The Office of Government Ethics has finalized rules, proposed in June, that describe the executive branch ethics program, lay out the responsibilities of various parties, and reinforce ethics messaging.
The regs restate the general principles such as preventing conflicts of interest, as the detailed operations of the ethics program. They spell out agency responsibilities–including furnishing of information to the OGE, and processes related to financial disclosure reports—while describing OGE responsibilities including issuing advisory opinions and other written guidance.
The rules loosen certain policies on training to allow greater flexibility for agency ethics to tailor the content of the training to meet the needs of their employees.
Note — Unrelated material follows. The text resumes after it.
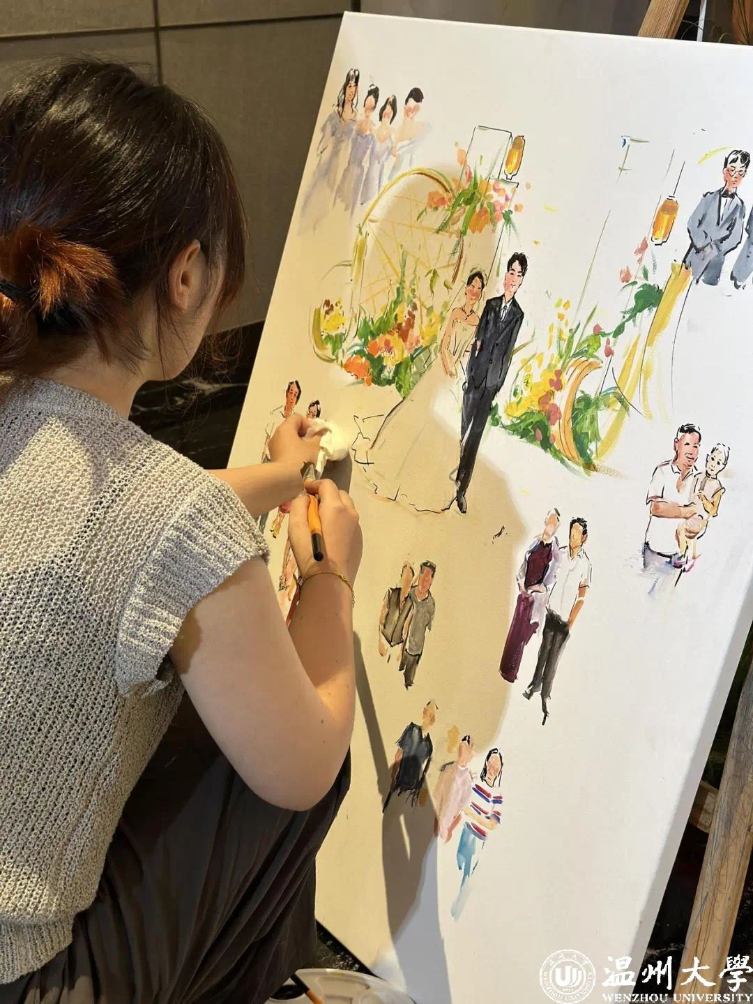 冯奕涵,8868体育_8868(中国)美术与设计学院的应届毕业生,就选择了婚礼绘画师作为其职业道路。她表示:“我已适应频繁出差的工作模式,并习惯于在婚礼现场保持高度专注。我致力于用画笔,在数小时之内为新人捕捉他们人生中最甜蜜时刻的画面。”在接受采访时,她向我们分享了她的经历。

For example, for employees who are required to receive annual training, prior rules require the agency’s training to cover each of the principles of ethical conduct, each of the standards of ethical conduct, and each of the conflict of interest statutes, in addition to any agency supplemental standards of conduct. The new rule instead provides the agency ethics office with discretion to determine how much of the training to devote to each of those areas.
The rules also end a requirement for agencies to write certain detailed plans regarding training that OGE decided were not worth the administrative burden. They meanwhile add requirements to inform newly appointed supervisors of their role in the agency ethics program, and to inform prospective employees, in their written employment offers, of the ethical obligations associated with the position being offered.